Here's an example command of how to train the data:
methylnet-predict make_prediction -c -ic Age -v -j 45557456 -hl predictions/predict_hyperparameters_log.csv --learning_rate_vae 0.1 --learning_rate_mlp 0.05 --weight_decay 0.0001 --n_epochs 200 --scheduler null --batch_size 512 --dropout_p 0.5 --n_workers 4 --loss_reduction sum --hidden_layer_topology 200,300,3000
We make a prediction on age (-ic) using GPU with cuda (-c). Adding the validation set as before to terminate training before the model overfits. There are two separate learning rates for the vae and mlp. The null scheduler is just stating that we are using one learning rate throughout the learning process. Dropout (--dropout_p) specifies the percentage of neural network nodes for the model to ignore during the training process, which makes the model more generalizable, but too much of it and the model can have a difficult time learning. More or less, the other options are similar to the embedding ones. You'd just want to add the -cat option if you're training on a categorical variable. Also of note that if you're predicting on cell-type proportions, multiple targets can be predicted on simultaneously (like a multinomial logistic regression) using multiple -ic options followed by the pheno columns of interest. The data returned is similar to that for the embedding model, but stored in the predictions folder.

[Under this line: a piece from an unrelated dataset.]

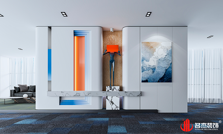 设计团队采用的时尚简约的设计风格作为这次的主打风格,将企业的LOGO——蓝色融入到整体设计当中,企业文化也能够很好地在整个办公室装修设计空间展开,让员工和来访的客户感受到来自企业文化的冲击。天花吊顶上使用撞色的设计,让空间中有着不一样的特色,区别于传统的办公装修设计空间,成就属于他们自己专属的办公室装修设计空间。#广州办公室装修设计#
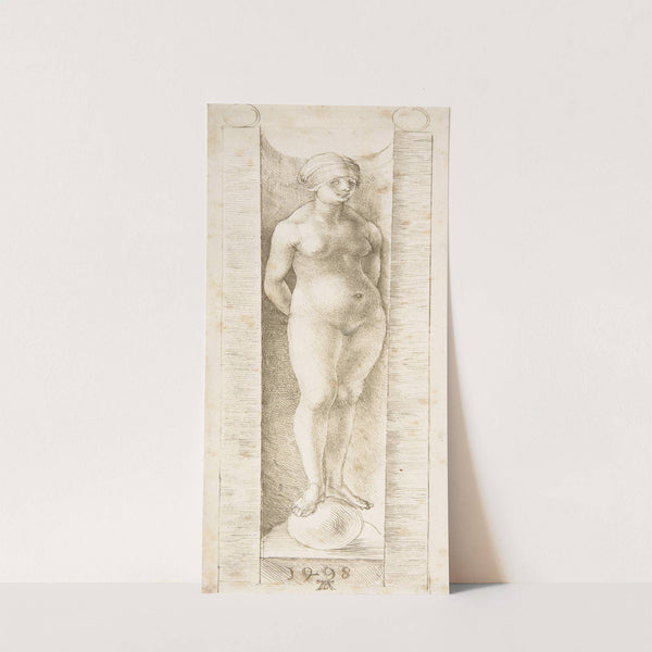 This elegant black and white art print is a meticulous reproduction of "Fortuna in a Niche" by Albrecht Dürer, created in the year 1498. The piece features a detailed, realistic portrayal of a full-bodied female figure standing nude within a...

Once you are satisfied with your model's performance (check the hyperparameter logs in the predictions folder), you can again plot the data as such:
pymethyl-visualize transform_plot -i predictions/vae_mlp_methyl_arr.pkl -o visualizations/45557456_Age_mlp_embed.html -c Age -nn 8
It's easy to see that these fine-tuned embeddings are much more demonstrative of age than the VAE embeddings, but the VAE got us in the right direction: https://github.com/Christensen-Lab-Dartmouth/MethylNet/blob/master/methylnet_results/embeddings/age/finetune_embed.html
You can plot the training curves here and output some regression report here:
methylnet-predict regression_report
methylnet-visualize plot_training_curve -thr 2e6
You can also compare these results to other models, for instance we can calculate the age using other estimators:
pymethyl-utils est_age -a epitoc -a horvath -a hannum -ac Age -i age/test_set/test_methyl_array.pkl
Or if using the TCGA data, trying a support vector machine model with a hyperparameter scan (TCGA_SVC.py is in ./example_scripts; please submit an issue if any of the components are not fully functional, could be package dependency issues):
python TCGA_SVC.py -n 24 -o disease -tr train_val_test_sets/train_methyl_array.pkl -v train_val_test_sets/val_methyl_array.pkl -tt train_val_test_sets/test_methyl_array.pkl -s &
Again, note that many of these MethylNet hyperparameters may be difficult to tune, so we have a hyperparameter tuning framework that will be demonstrated in the next tutorial.